Question

For the reversible reaction, 
\( \text{N}_2 (g) + 3\text{H}_2 (g) \rightleftharpoons 2\text{NH}_3 (g) \). 
When the partial pressure is measured in atmosphere, the value of \( K_p \) at \( 500^\circ\text{C} \) is \( 1.44 \times 10^{-5} \). 
The value of \( K_c \) when the concentration is expressed in \( \text{mol L}^{-1} \) is:
\(\underline{\hspace{3cm}}\).

• A. \( \frac{1.44 \times 10^{-5}}{(0.082 \times 500)^{-2}} \)
• B. \( \frac{1.44 \times 10^{-5}}{(8.314 \times 773)^{-2}} \)
• C. \( \frac{1.44 \times 10^{-5}}{(0.082 \times 773)^{2}} \)
• D. \( \frac{1.44 \times 10^{-5}}{(0.082 \times 773)^{-2}} \)

Hint:

Always double-check the sign of \( \Delta n_g \).

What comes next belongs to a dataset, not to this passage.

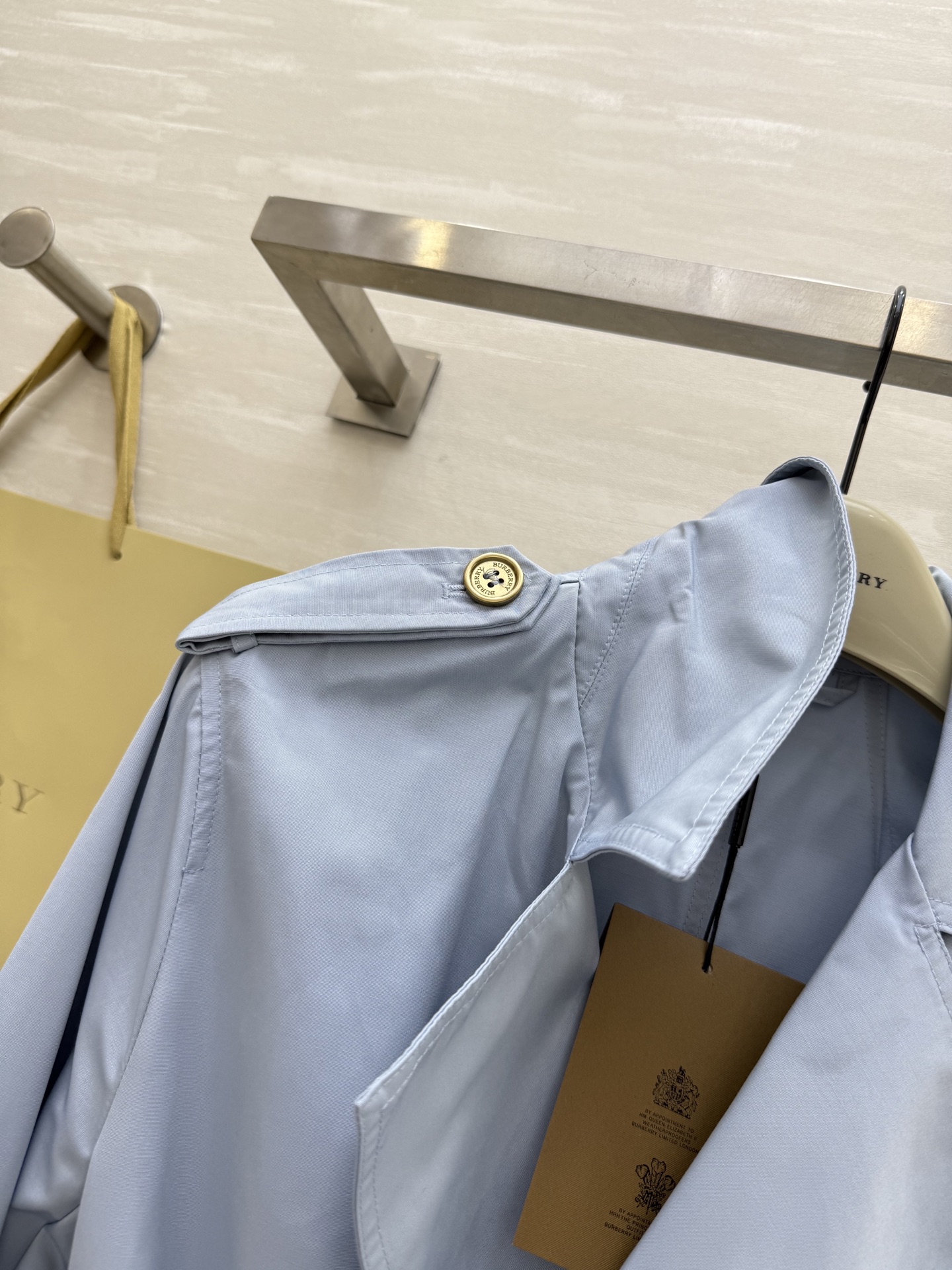 这款衣服是AAAAA 1:1 质量 (非常棒). 使用了和原版一模一样的材料. 商标部分也保持了和巴宝莉/Burberry一样. 图片拍摄是实物衣服拍摄, 您所收到的实物保证和我们图片一模一样.

For the Haber process (ammonia synthesis), \( \Delta n_g \) is always \(-2\). Also, remember that in \( K_p \)/\( K_c \) relations, temperature must always be in Kelvin.

Answer 1

The Correct Option is D

Step 1: Understanding the Question:
The question asks to find the numerical expression for the equilibrium constant in terms of molarity (\( K_c \)) given the equilibrium constant in terms of partial pressure (\( K_p \)) and the temperature.
Step 2: Key Formula or Approach:
The relationship between \( K_p \) and \( K_c \) for a gaseous reaction is:
\[ K_p = K_c(RT)^{\Delta n_g} \] Where:
- \( R \) is the universal gas constant (use \( 0.0821 \, \text{L}\cdot\text{atm}\cdot\text{K}^{-1}\text{mol}^{-1} \) to match units).
- \( T \) is the absolute temperature in Kelvin.
- \( \Delta n_g \) is the change in the number of moles of gaseous products and reactants (\( \text{moles of products} - \text{moles of reactants} \)).
Step 3: Detailed Explanation:
1. Calculate \(\Delta n_g\):
The balanced chemical equation is: \( \text{N}_{2(g)} + 3\text{H}_{2(g)} \rightleftharpoons 2\text{NH}_{3(g)} \).
\[ \Delta n_g = (2) - (1 + 3) = 2 - 4 = -2 \]
2. Convert Temperature to Kelvin:
\[ T = 500^\circ\text{C} + 273 = 773 \, \text{K} \]
3. Rearrange the formula to solve for \( K_c \):
\[ K_c = \frac{K_p}{(RT)^{\Delta n_g}} \]
Substituting the values (\( K_p = 1.44 \times 10^{-5} \), \( R \approx 0.082 \), \( T = 773 \), and \( \Delta n_g = -2 \)):
\[ K_c = \frac{1.44 \times 10^{-5}}{(0.082 \times 773)^{-2}} \]
Step 4: Final Answer:
Comparing this result with the given options, it exactly matches option (D). (Note: Option C is incorrect because it uses a positive exponent of 2 in the denominator, which would correspond to \( \Delta n_g = +2 \)).